Are you nervous?
If so, does that mean you're anxious, or that your hands shake? The distinction can be crucial.
Asked if they feel nervous, some people respond by holding up their unshaking hands, watching them a few seconds and saying, "I don't think so. They look steady to me!" This unexpected answer illustrates the confusion many people have about anxiety, tremors, and what they have to do with each other.
A psychiatrist friend proposed a useful labeling system. He refers to internal states of anxiety, worry and upset as "inner nerves." By contrast, when outward, visible tremulousness is present, he calls that "outer nerves." The distinction is important because the causes and treatments of "inner nerves" and "outer nerves" are almost entirely different from each other.
It's not hard to see where the confusion arises. Most people with tremulousness experience worsening of their shaking in states of high emotion, like anger, fear—-or even joy. They notice improvement in tremor when they are feeling unstressed, and their companions see their tremoring disappear completely when they sleep. Yet, it's not the emotional states that caused the tremor. Instead, the emotions just increased or decreased a tremor that was already there for another reason.

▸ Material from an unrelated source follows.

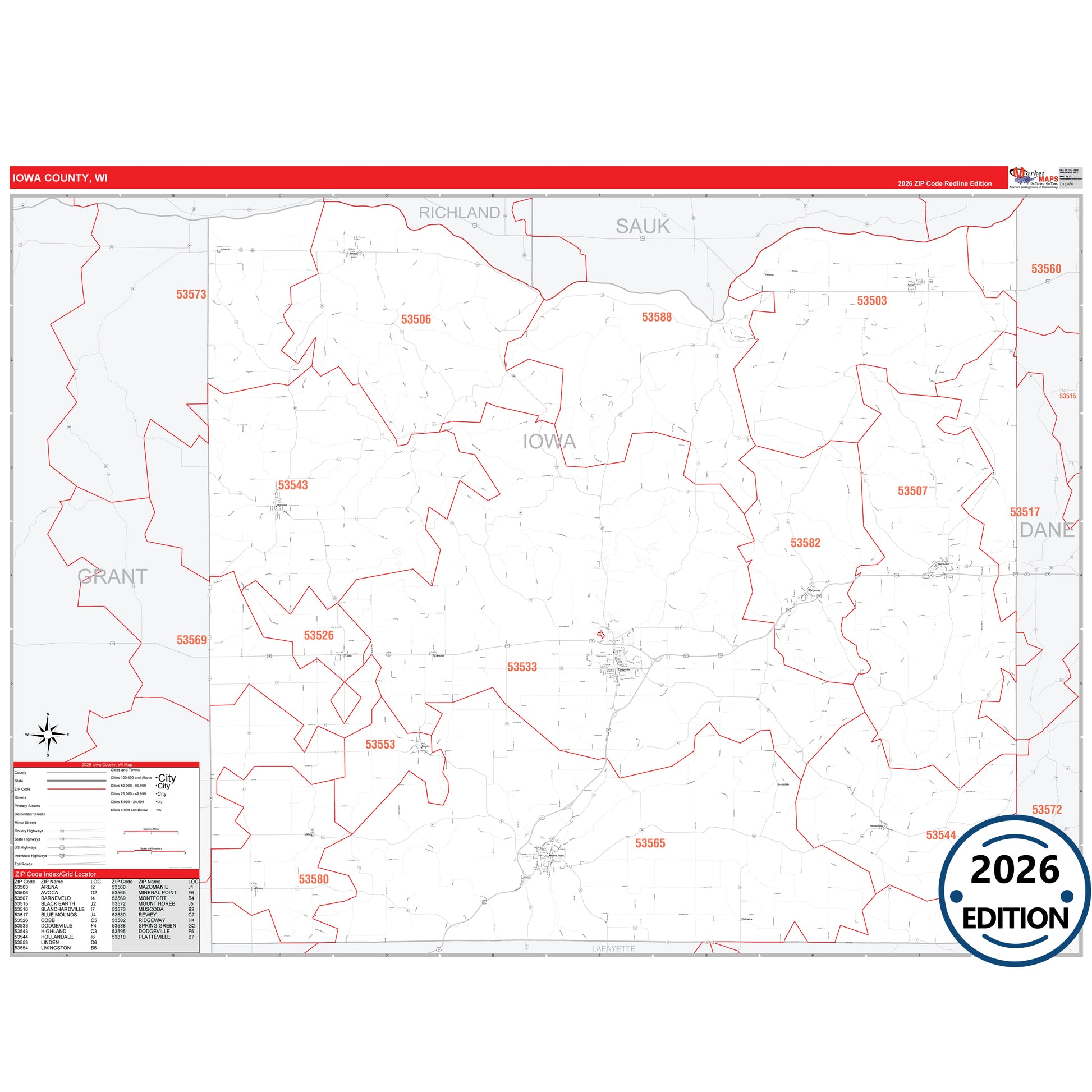 The RedLine Style map of Iowa County, WI shows ZIP code areas overlaid on a detailed road network of Iowa County, Wisconsin. Ideal for drawing locations, territories, and other applications. Base map features include all major streets and highways labeled, cities and towns, county and state boundaries, neighborhood names, railroads, and a clean white background suitable for marking and planning.

Although tremor can occur in almost any part of the body, shaking of the hands is most common and can be caused by a variety of conditions. Tremors can also vary in their appearance, and the appearance of the tremor can narrow down the list of possibilities.
Here are the three basic tremor patterns:
To the extent that the underlying problem can be fixed, the tremor will usually improve as well. So if someone's tremor is due to an overactive thyroid, the tremor will improve when the thyroid problem is corrected. If a tremor is due to Parkinson's disease, then it will get better with medication for this condition. And if medication itself is causing the problem, then a dose-reduction or substitution of another drug might do the trick.
What if an underlying cause is not found, or correction of an underlying problem doesn't make the tremor go away? Treatment might still be available. In the case of tremors most evident with the hands in the air, certain medications might provide meaningful improvement, including primidone (brand name Mysoline), propranolol (Inderal), metoprolol (Lopressor) and gabapentin (Neurontin).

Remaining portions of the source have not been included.